The Metaphysics of Managerialism

Recent developments in artificial intelligence, political and social changes around the pandemic, and the new more fragile international atmosphere, together with the emergence of challenges in finance, in trade, and in the relative power of global operators, all point to new developments and demands in the way management is done.  Some of these developments contain strange contradictions: many of them highlight changes, even weaknesses in the ability of political and social institutions to cope.  Older questions, like justice, the role of social identities, mobility between social groups and geographical migration have all been raised.  The philosophical aspect of this investigation can be seen in the emergence of the discourses around “world history”, “the end of metaphysics”, and how to understand technology, that bring together four thinkers in particular – Hegel, Nietzsche, Marx and Heidegger, and those who draw on some or all of them.

One of the most significant and important of the domains of modern life has come to be the managerial itself, and yet it is one of the newest.  Managerialism’s other name, historically, has been technique, even technics, both older words for the matter of how “technology” is put to work.  Technique has wider reach than “technology”, since technique encompasses not only the apparatus of technological means, but also the presumption of organisational practice and harmony it brings with it: technics suggests this technique as a domain of study in itself.  Technique, and the practice of governance that follows in its wake as Technocracy, in every case proffers and promises harmony, in the name of heightened effectiveness and productivity, and yet its real meaning and its highest possibilities of application and development have most often been revealed in the crucible of war.

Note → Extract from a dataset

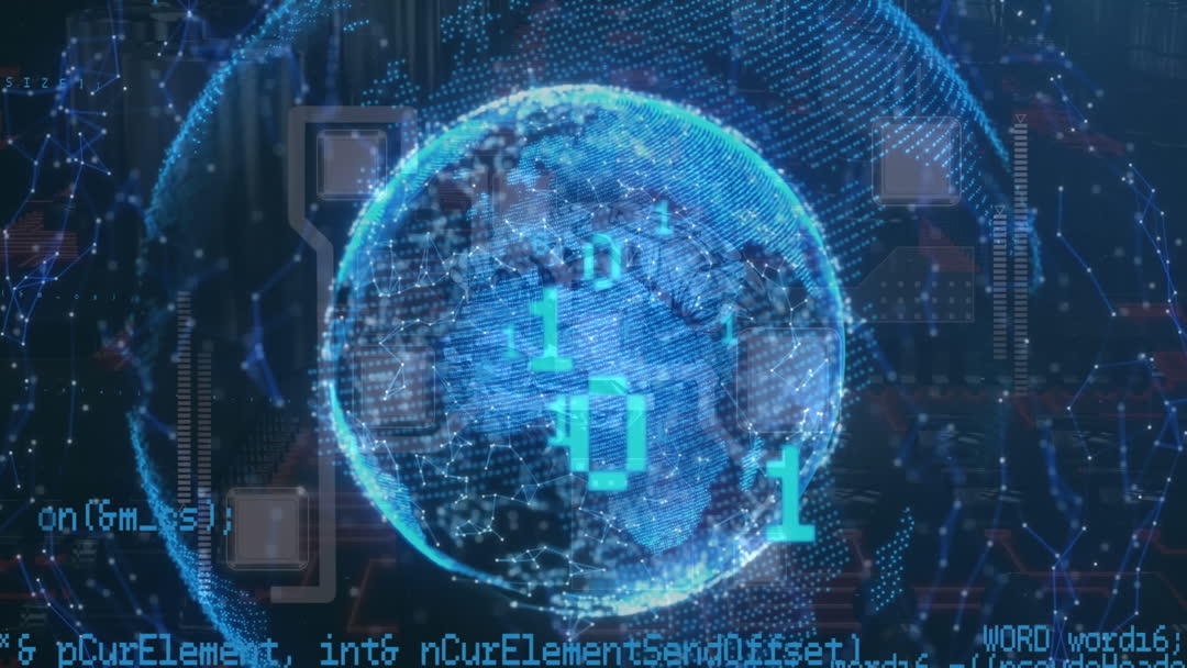 Animation features translucent digital globe encapsulating data streams and code, perfect for illustrating digital networks or global technology themes. Ideal for presentations, technology blogs, and educational videos exploring the concepts of data processing, artificial intelligence, or the digital age.

If Ernst Jünger’s The Worker demonstrated to an extraordinary level the way in which, in a technological age, everyday and ordinary life will continue to be organised with the impulse toward totality of mobilisation that manifested itself on the battlefields of the First World War, theorists like James Burnham (1941) and Nicholas Spykman (1942) correctly surmised even while the Second World War was being fought, that what presented itself both as a possibility and a necessity was a future that would manifest itself as a “management” of the planet as a whole. More recent crises – of “cold” war, pandemic, finance, climate and the occurrence of “local” wars as the contained expression of the struggle for the balance of forces in a “closed” political world, have all shown the powers and the dangers, all immense, that managerialism harbours within its folds.